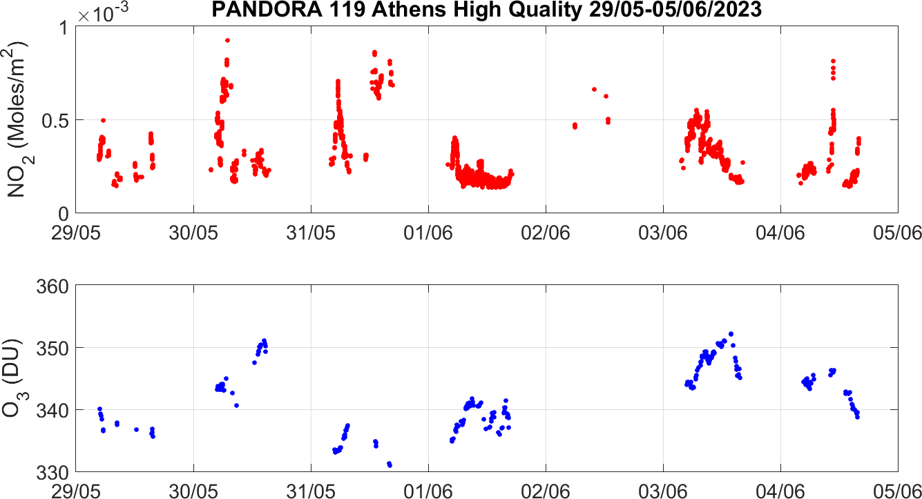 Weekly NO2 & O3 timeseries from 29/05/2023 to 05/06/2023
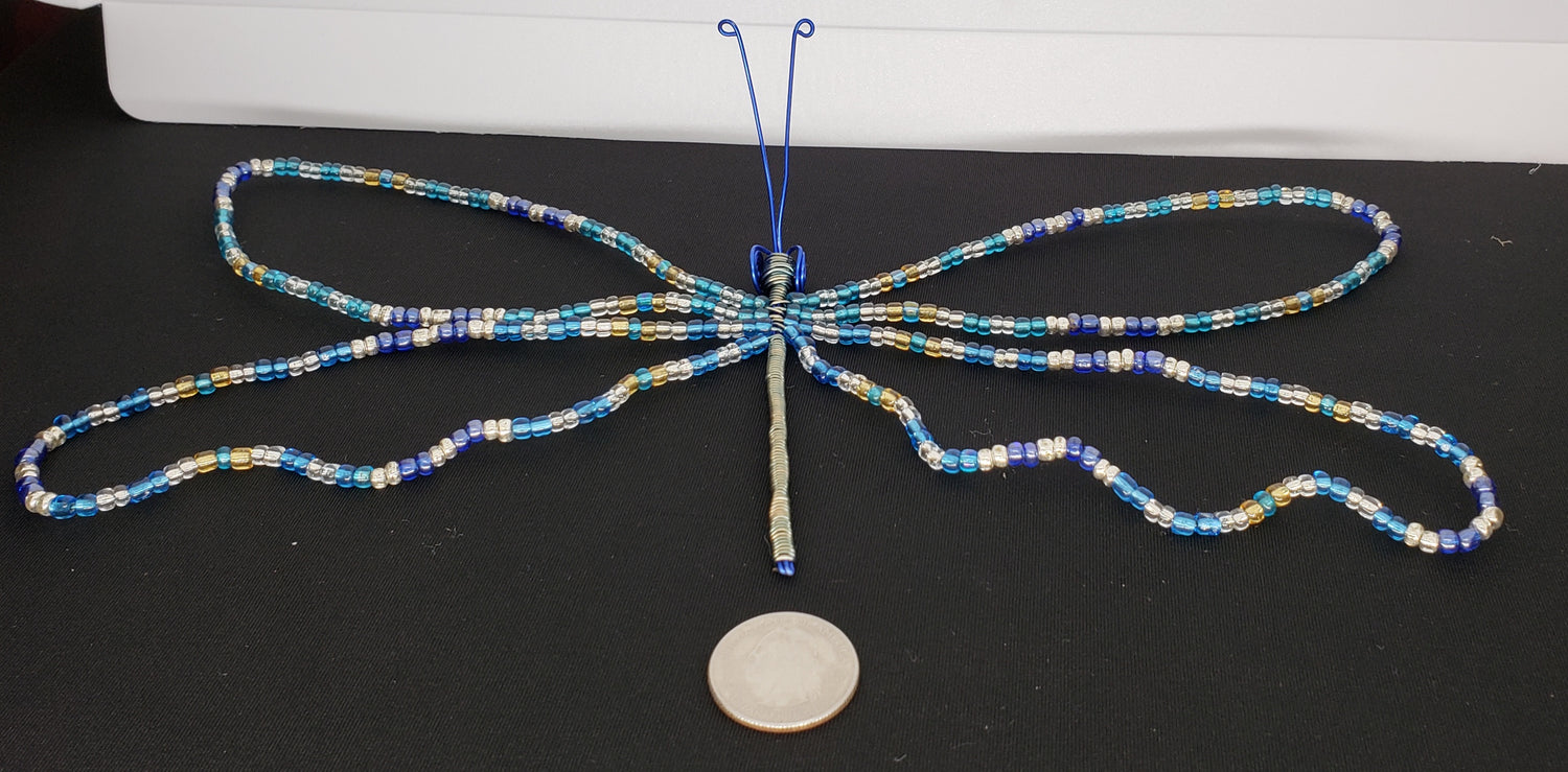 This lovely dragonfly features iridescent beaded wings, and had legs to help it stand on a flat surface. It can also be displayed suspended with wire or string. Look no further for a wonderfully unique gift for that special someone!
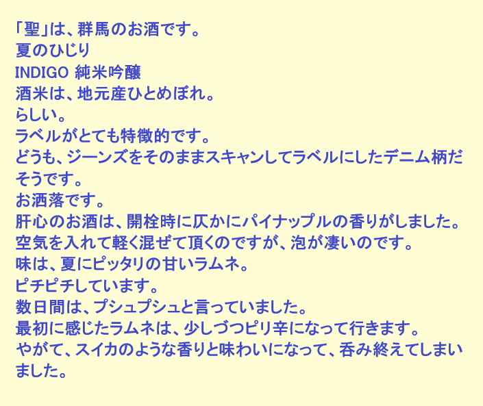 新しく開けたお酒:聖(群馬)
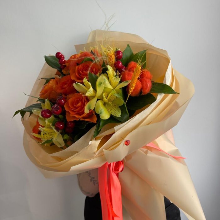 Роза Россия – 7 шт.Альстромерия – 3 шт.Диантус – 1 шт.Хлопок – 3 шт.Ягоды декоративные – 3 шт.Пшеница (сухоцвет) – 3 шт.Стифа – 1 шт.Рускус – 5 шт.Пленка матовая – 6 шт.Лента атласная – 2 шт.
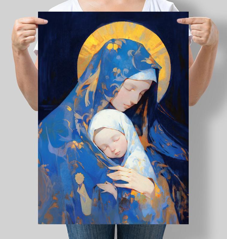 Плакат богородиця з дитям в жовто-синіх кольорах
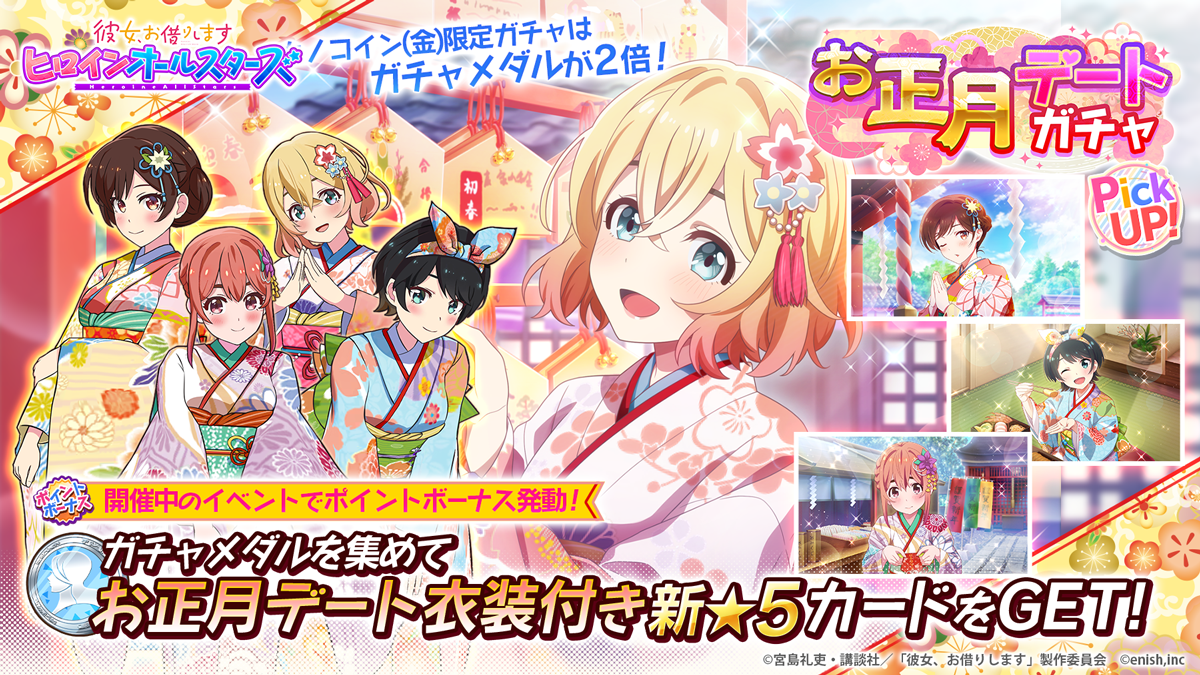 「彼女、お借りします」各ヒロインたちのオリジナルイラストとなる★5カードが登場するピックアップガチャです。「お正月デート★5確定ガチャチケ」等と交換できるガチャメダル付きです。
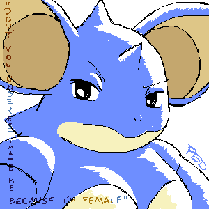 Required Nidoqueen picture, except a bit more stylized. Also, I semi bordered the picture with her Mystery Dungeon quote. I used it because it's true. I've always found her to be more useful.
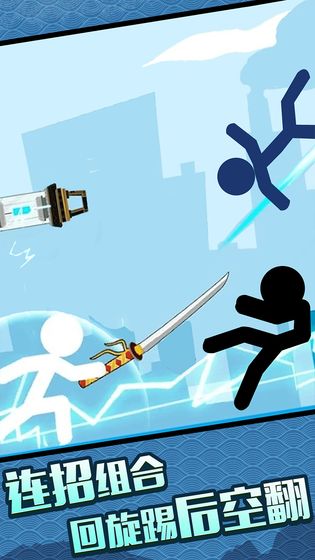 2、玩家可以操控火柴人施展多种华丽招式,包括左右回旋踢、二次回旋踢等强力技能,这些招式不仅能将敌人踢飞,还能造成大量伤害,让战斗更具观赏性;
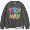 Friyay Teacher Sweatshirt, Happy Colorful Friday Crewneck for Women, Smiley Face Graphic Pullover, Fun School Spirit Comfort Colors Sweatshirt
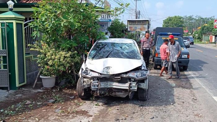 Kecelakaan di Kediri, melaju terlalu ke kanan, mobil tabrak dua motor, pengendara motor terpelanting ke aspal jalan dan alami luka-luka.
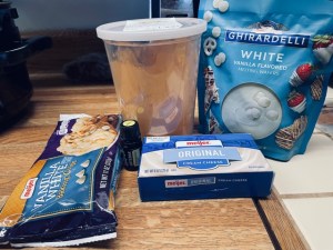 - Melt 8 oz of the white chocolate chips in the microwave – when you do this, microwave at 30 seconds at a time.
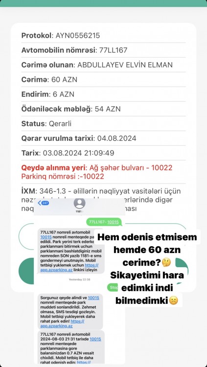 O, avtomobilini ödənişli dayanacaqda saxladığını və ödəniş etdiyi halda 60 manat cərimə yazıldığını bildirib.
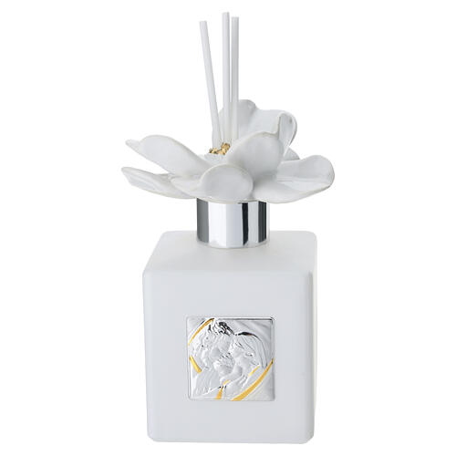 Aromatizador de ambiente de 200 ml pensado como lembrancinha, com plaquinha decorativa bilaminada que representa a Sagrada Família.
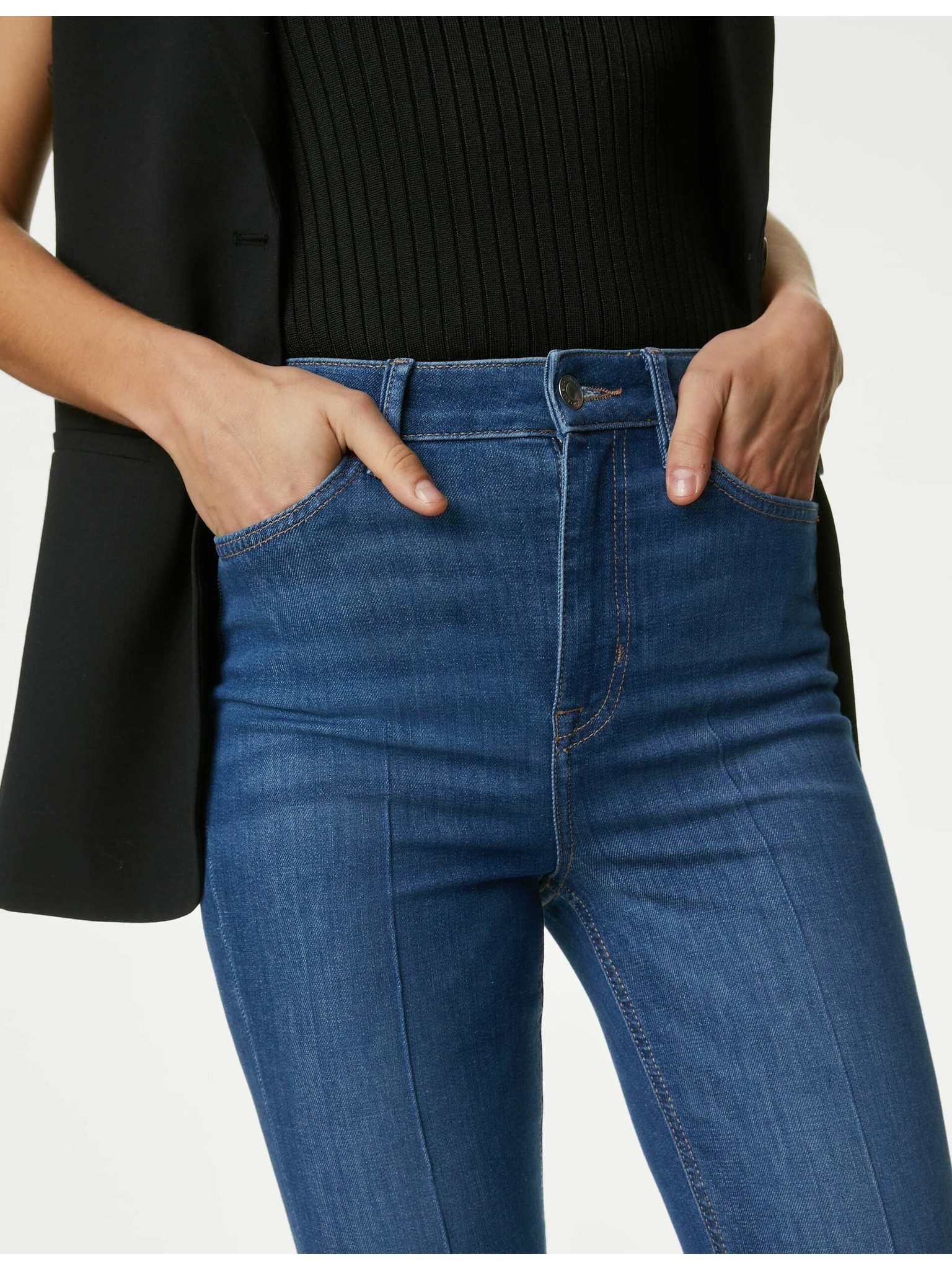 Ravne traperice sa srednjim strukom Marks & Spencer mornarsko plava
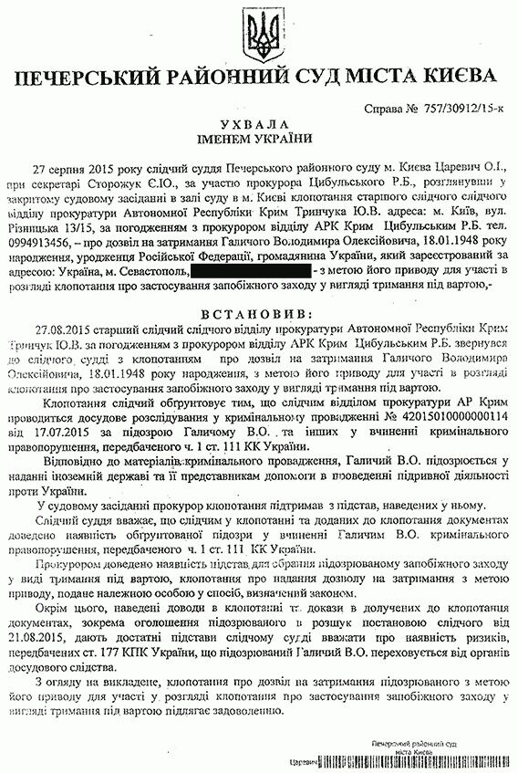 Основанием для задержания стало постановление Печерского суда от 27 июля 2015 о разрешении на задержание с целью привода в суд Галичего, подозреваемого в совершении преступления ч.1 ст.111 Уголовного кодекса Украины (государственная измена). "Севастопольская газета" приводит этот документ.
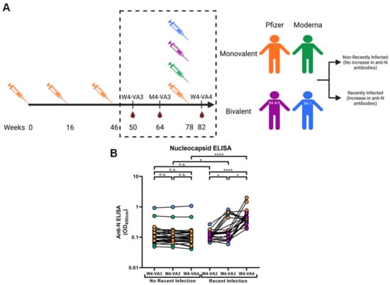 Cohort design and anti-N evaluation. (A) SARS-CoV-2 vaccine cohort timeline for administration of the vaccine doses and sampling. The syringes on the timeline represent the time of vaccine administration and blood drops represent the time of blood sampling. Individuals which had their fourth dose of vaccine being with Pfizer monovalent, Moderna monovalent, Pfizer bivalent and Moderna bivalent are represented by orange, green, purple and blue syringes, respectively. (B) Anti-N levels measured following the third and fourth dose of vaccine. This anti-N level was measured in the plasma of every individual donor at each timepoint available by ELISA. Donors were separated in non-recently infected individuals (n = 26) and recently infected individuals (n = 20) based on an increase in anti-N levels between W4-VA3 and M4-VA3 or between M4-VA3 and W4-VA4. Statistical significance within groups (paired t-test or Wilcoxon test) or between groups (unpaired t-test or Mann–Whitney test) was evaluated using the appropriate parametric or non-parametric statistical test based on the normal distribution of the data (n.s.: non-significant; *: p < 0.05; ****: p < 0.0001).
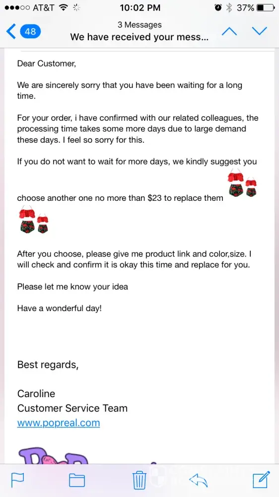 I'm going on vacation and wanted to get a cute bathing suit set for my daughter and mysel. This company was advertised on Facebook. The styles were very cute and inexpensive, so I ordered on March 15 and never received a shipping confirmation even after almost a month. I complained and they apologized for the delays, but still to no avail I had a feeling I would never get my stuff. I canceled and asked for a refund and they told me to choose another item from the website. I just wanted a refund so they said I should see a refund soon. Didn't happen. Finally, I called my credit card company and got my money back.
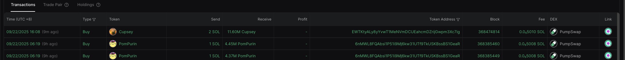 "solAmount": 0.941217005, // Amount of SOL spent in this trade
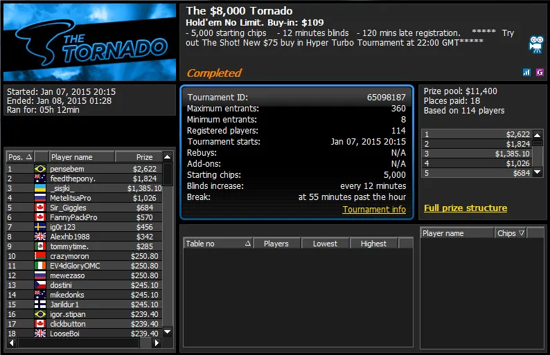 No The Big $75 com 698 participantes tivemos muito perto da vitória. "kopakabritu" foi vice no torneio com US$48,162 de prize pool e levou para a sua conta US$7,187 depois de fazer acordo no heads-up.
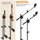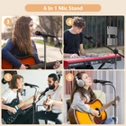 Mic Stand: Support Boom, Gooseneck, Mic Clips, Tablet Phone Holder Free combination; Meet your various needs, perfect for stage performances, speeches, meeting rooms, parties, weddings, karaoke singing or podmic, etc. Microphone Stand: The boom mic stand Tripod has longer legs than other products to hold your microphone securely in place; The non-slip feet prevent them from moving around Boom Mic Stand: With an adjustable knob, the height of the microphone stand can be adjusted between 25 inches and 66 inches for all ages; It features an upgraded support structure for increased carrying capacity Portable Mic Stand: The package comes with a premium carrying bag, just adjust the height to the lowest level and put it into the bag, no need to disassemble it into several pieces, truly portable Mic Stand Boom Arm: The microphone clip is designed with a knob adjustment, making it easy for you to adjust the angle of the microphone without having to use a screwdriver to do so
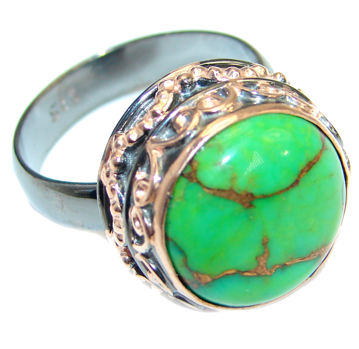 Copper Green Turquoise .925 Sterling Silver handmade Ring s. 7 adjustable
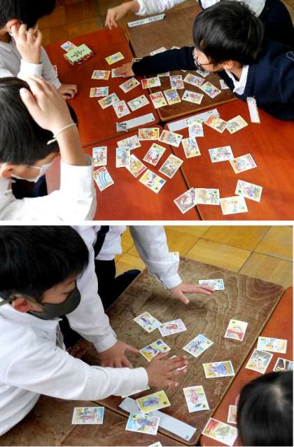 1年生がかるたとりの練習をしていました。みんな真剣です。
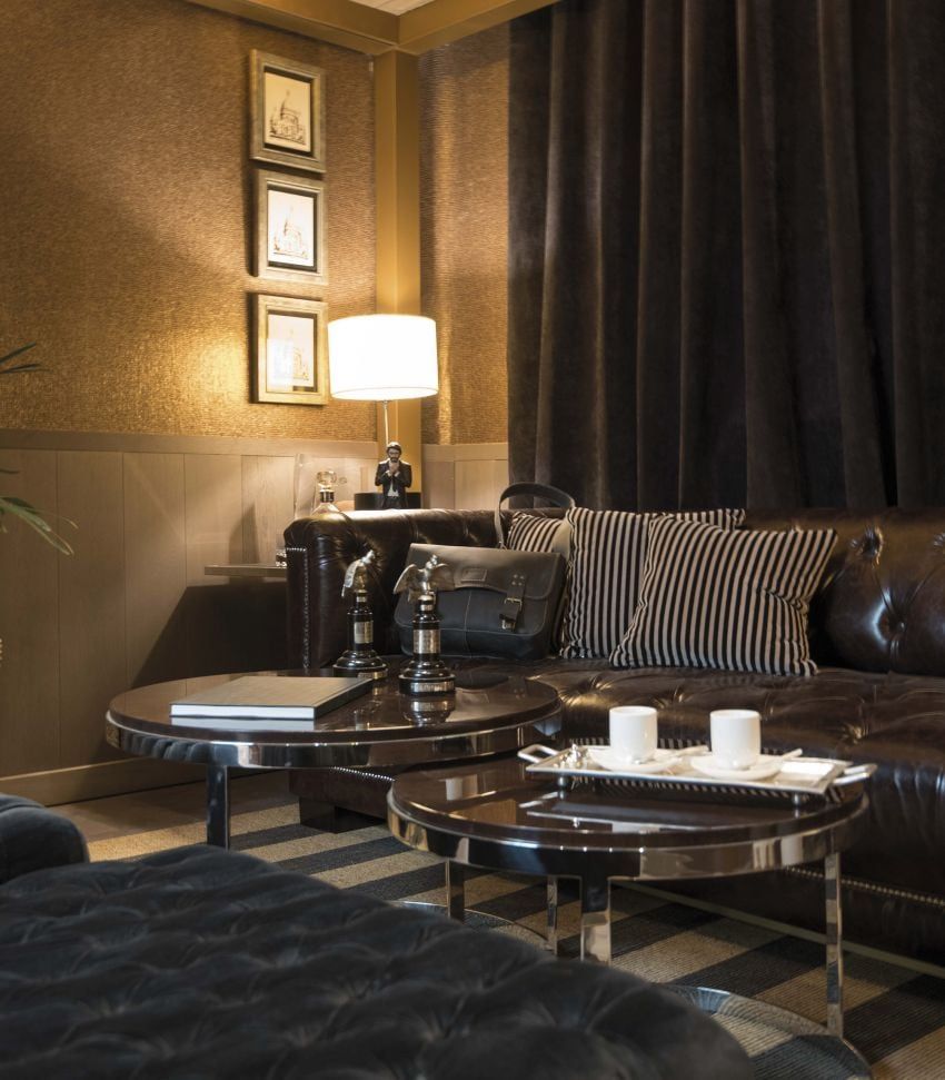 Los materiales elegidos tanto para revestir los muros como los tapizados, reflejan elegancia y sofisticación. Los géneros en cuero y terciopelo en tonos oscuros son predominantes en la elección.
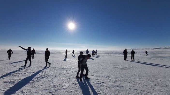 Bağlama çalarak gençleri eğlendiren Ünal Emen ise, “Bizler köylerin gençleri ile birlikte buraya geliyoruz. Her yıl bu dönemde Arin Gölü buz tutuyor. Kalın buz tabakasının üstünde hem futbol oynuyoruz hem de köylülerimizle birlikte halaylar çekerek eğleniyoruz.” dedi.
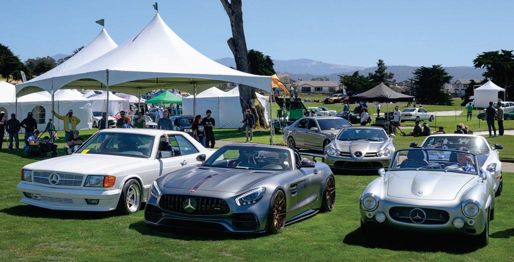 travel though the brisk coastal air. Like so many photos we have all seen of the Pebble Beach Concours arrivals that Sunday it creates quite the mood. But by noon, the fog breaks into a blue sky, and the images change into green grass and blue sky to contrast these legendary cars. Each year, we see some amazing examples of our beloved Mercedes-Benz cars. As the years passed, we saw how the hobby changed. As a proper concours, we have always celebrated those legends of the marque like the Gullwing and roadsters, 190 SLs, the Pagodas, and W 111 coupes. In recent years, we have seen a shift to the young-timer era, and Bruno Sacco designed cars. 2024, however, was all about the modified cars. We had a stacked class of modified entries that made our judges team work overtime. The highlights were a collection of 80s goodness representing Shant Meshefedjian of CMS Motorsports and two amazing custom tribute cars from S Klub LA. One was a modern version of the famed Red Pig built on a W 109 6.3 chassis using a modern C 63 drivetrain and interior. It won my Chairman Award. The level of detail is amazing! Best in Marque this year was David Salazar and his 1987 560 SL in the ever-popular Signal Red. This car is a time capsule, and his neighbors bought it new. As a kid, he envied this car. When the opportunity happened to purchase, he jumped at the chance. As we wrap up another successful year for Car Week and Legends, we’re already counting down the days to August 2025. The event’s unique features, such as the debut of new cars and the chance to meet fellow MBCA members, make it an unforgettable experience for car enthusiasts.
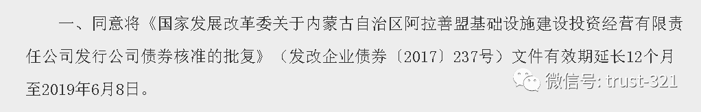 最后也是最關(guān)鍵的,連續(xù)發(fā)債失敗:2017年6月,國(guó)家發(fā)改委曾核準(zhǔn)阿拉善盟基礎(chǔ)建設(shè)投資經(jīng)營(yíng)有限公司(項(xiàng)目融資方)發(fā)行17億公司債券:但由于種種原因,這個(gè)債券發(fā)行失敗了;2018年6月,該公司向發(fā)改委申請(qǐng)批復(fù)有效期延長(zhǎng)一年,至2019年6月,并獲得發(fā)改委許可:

• [ABOUT THIS TASK] Print only the lines from the opening line of the listing to the line containing "Основанием для задержания", inclusive, exactly as they appear and without pictures.

• [EXERCISE OUTPUT]
 Weekly NO2 & O3 timeseries from 29/05/2023 to 05/06/2023
 This lovely dragonfly features iridescent beaded wings, and had legs to help it stand on a flat surface. It can also be displayed suspended with wire or string. Look no further for a wonderfully unique gift for that special someone!
 新しく開けたお酒:聖(群馬)
 Роза Россия – 7 шт.Альстромерия – 3 шт.Диантус – 1 шт.Хлопок – 3 шт.Ягоды декоративные – 3 шт.Пшеница (сухоцвет) – 3 шт.Стифа – 1 шт.Рускус – 5 шт.Пленка матовая – 6 шт.Лента атласная – 2 шт.
 Плакат богородиця з дитям в жовто-синіх кольорах
 「彼女、お借りします」各ヒロインたちのオリジナルイラストとなる★5カードが登場するピックアップガチャです。「お正月デート★5確定ガチャチケ」等と交換できるガチャメダル付きです。
 Required Nidoqueen picture, except a bit more stylized. Also, I semi bordered the picture with her Mystery Dungeon quote. I used it because it's true. I've always found her to be more useful.
 2、玩家可以操控火柴人施展多种华丽招式,包括左右回旋踢、二次回旋踢等强力技能,这些招式不仅能将敌人踢飞,还能造成大量伤害,让战斗更具观赏性;
 Friyay Teacher Sweatshirt, Happy Colorful Friday Crewneck for Women, Smiley Face Graphic Pullover, Fun School Spirit Comfort Colors Sweatshirt
 Kecelakaan di Kediri, melaju terlalu ke kanan, mobil tabrak dua motor, pengendara motor terpelanting ke aspal jalan dan alami luka-luka.
 - Melt 8 oz of the white chocolate chips in the microwave – when you do this, microwave at 30 seconds at a time.
 O, avtomobilini ödənişli dayanacaqda saxladığını və ödəniş etdiyi halda 60 manat cərimə yazıldığını bildirib.
 Aromatizador de ambiente de 200 ml pensado como lembrancinha, com plaquinha decorativa bilaminada que representa a Sagrada Família.
 Ravne traperice sa srednjim strukom Marks & Spencer mornarsko plava
 Основанием для задержания стало постановление Печерского суда от 27 июля 2015 о разрешении на задержание с целью привода в суд Галичего, подозреваемого в совершении преступления ч.1 ст.111 Уголовного кодекса Украины (государственная измена). "Севастопольская газета" приводит этот документ.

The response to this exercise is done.